___ Data to process

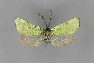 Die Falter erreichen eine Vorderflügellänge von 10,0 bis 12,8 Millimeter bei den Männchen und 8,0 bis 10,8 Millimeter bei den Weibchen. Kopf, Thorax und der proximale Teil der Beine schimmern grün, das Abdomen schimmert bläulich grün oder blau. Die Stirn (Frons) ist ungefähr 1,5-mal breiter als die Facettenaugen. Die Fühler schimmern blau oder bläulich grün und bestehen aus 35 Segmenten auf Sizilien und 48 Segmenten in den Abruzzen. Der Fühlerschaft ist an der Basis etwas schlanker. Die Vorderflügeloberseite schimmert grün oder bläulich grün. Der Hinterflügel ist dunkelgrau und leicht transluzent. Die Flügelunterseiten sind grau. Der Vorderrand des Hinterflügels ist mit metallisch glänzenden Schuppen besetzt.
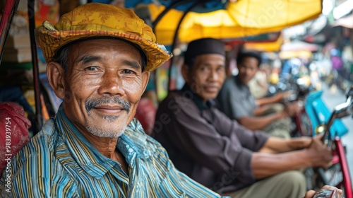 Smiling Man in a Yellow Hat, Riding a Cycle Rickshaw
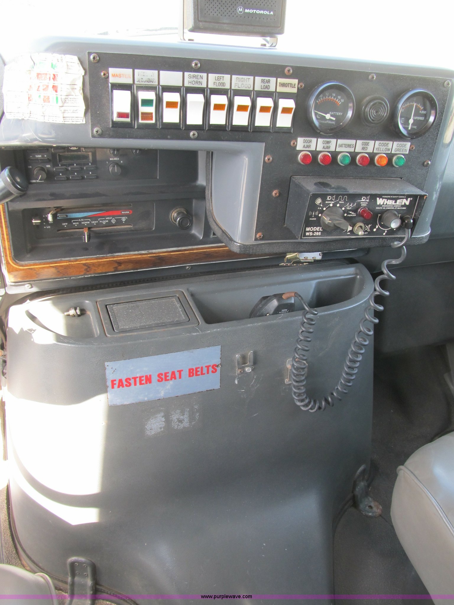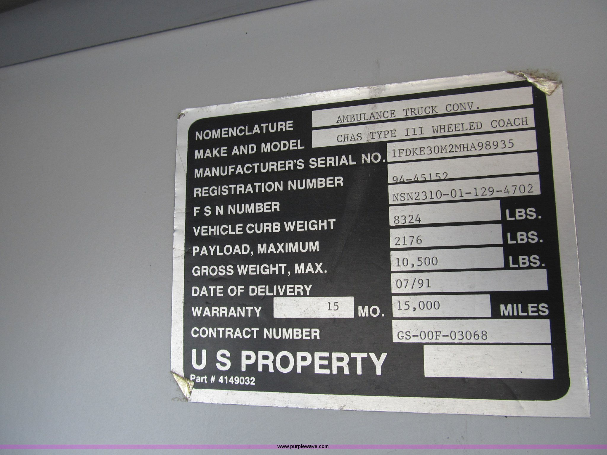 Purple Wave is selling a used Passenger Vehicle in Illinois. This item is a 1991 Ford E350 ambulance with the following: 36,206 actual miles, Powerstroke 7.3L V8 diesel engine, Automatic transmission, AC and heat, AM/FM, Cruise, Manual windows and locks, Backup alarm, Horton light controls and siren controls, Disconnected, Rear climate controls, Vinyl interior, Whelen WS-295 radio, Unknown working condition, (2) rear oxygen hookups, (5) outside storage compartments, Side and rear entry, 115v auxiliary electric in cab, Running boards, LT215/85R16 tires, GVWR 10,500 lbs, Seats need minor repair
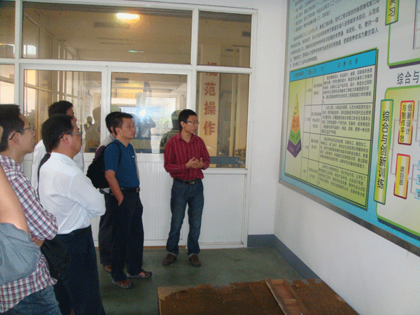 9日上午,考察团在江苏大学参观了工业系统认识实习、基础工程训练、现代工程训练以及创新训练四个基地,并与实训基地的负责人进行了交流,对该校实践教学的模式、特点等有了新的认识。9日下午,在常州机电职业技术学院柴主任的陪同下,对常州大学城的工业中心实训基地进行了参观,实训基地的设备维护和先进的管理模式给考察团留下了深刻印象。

______
___ Data to process

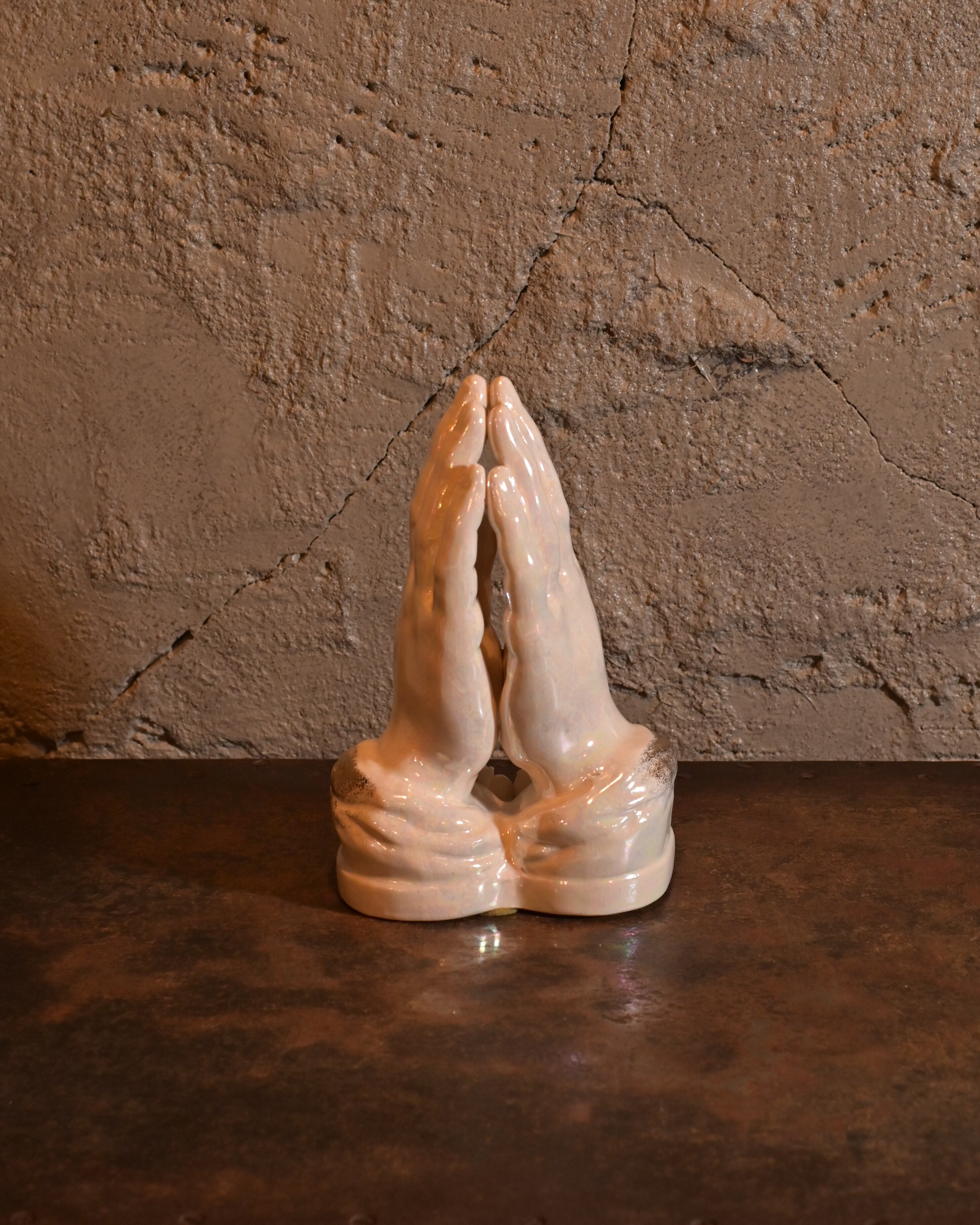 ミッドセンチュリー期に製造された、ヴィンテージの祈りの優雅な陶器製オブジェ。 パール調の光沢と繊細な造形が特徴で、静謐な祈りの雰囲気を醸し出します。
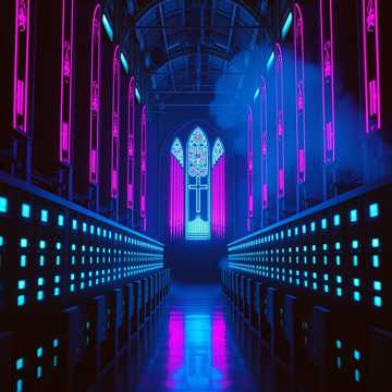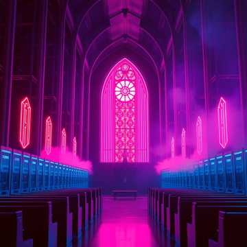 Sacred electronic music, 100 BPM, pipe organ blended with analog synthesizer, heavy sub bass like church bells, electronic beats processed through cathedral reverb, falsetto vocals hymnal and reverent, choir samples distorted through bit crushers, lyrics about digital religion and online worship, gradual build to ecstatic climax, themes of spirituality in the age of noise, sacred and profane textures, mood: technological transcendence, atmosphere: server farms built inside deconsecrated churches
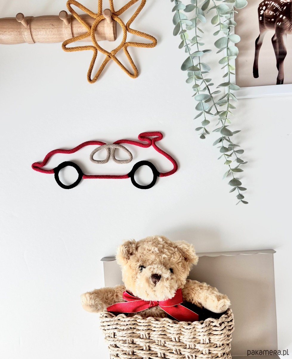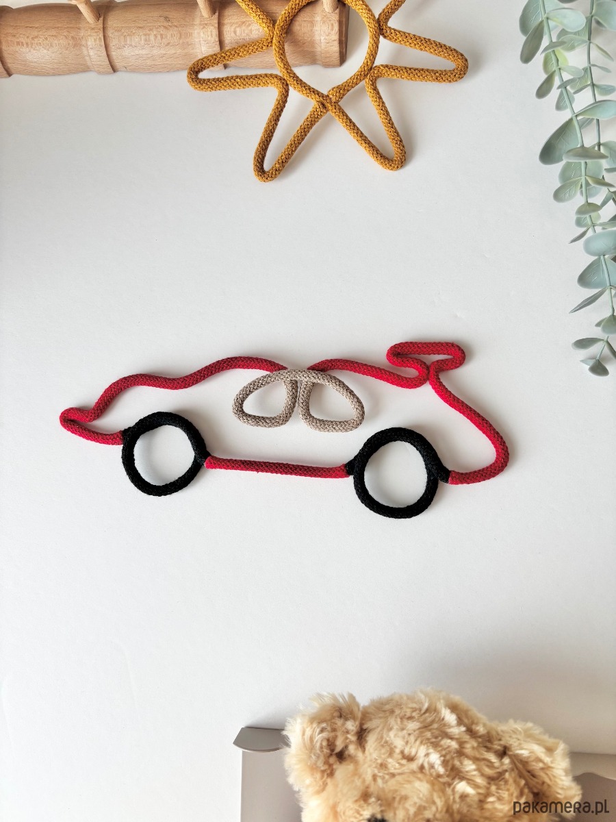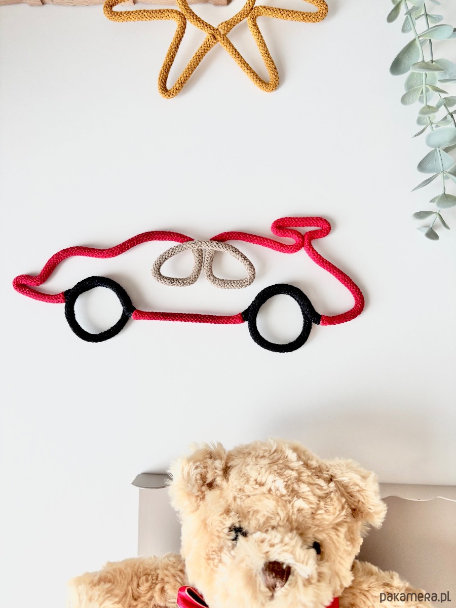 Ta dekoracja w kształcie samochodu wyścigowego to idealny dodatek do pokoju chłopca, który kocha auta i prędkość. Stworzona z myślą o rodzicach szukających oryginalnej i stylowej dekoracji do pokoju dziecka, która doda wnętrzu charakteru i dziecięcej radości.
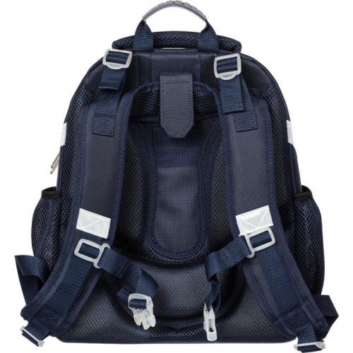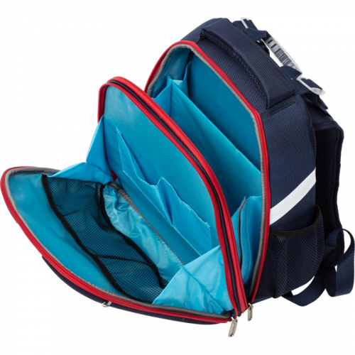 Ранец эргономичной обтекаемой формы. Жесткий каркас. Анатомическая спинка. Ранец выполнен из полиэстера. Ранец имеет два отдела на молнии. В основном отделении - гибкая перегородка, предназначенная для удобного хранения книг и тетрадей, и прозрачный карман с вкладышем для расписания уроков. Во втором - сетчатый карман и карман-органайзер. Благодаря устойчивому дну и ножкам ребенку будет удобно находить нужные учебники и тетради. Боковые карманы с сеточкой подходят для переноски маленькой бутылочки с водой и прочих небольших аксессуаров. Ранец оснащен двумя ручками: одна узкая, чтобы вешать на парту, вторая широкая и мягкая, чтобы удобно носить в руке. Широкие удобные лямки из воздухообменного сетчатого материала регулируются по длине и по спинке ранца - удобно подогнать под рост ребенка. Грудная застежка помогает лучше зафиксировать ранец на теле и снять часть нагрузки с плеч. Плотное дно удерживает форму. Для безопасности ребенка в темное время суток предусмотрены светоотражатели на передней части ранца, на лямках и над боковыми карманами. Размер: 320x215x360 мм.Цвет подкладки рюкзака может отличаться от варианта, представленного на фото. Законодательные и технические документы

______

Prompt: What is needed is an exact copy of the lines above, from the one holding "Die Falter erreichen" down to the one holding "Smiling Man in", with those two included and the pictures left out.

Expected output:
 Die Falter erreichen eine Vorderflügellänge von 10,0 bis 12,8 Millimeter bei den Männchen und 8,0 bis 10,8 Millimeter bei den Weibchen. Kopf, Thorax und der proximale Teil der Beine schimmern grün, das Abdomen schimmert bläulich grün oder blau. Die Stirn (Frons) ist ungefähr 1,5-mal breiter als die Facettenaugen. Die Fühler schimmern blau oder bläulich grün und bestehen aus 35 Segmenten auf Sizilien und 48 Segmenten in den Abruzzen. Der Fühlerschaft ist an der Basis etwas schlanker. Die Vorderflügeloberseite schimmert grün oder bläulich grün. Der Hinterflügel ist dunkelgrau und leicht transluzent. Die Flügelunterseiten sind grau. Der Vorderrand des Hinterflügels ist mit metallisch glänzenden Schuppen besetzt.
 Smiling Man in a Yellow Hat, Riding a Cycle Rickshaw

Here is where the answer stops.